RESULTS: Of all the cases, 281 and 171 patients were men and women, respectively. The median age was 64 years (range, 18-88 years). Forty-seven patients (10.4%) were diagnosed with anastomotic leakage, and the median diagnostic time of anastomotic leakage was 6.5 days(range, 3-31 days). One patient with anastomotic leakage died because of respiratory failure within 1 month postoperatively; 11 patients underwent salvage colostomy performed 2-34 days (median, 7 days) after the first surgery. All the 11 patients underwent colostomy closure within 2 years. The other 35 patients recovered by antibiotic and peritoneal lavage treatment. The mean length of postoperative hospital stay in patients without anastomotic leakage was 8.4±2.4 days, which was significantly shorter than that in patients with anastomotic leakage (34.6±15.7 days), and the difference was statistically significant (t=24.127, P=0.008). The results of the univariate analysis showed that BMI≥28 kg/m2 (χ2 =7.550, P=0.000), diabetes mellitus (χ2 =5.055, P=0.025), Hb<90 g/L preoperatively (χ2 =5.718, P=0.017), Alb<35 g/L preoperatively (χ2 =8.096, P=0.004), distance of <6 cm from the lower edge of the tumors to the anus (χ2 =8.205, P=0.004) and LCA ligation (χ2 =16.540, P=0.000) were risk factors for the occurrence of anastomotic leakage. Multivariate analysis showed that BMI≥28 kg/m2 (OR=1.758, 95%CI: 1.265-2.454, P=0.021), distance of <6 cm from the lower edge of the tumors to the anus (OR=1.530, 95%CI: 1.035-2.117, P=0.037), LCA ligation (OR=1.551, 95%CI: 1.035-2.131, P=0.042) were independent risk factors for anastomotic leakage. The CT diagnostic sensitivity of anastomotic leakage was 91.2%(31/34). The false positive rate of CT for diagnosing anastomotic leakage was zero 7 days after the Dixon procedure.

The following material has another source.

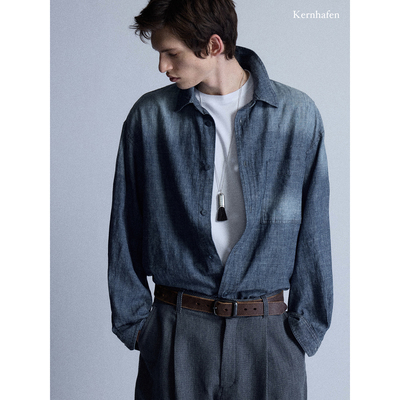"来自老友记 "棉麻水洗渐变色牛仔蓝长袖衬衫| kernhafen柯恩哈芬

CONCLUSION: Important factors, including BMI of patients, LCA ligation, and the distance from the lower edge of the tumors to the anus are related with anastomotic leakage. The individual treatments should be considered based on the patient's clinical condition. CT was recommended 7 days postoperatively when anastomotic leakage was highly suspected.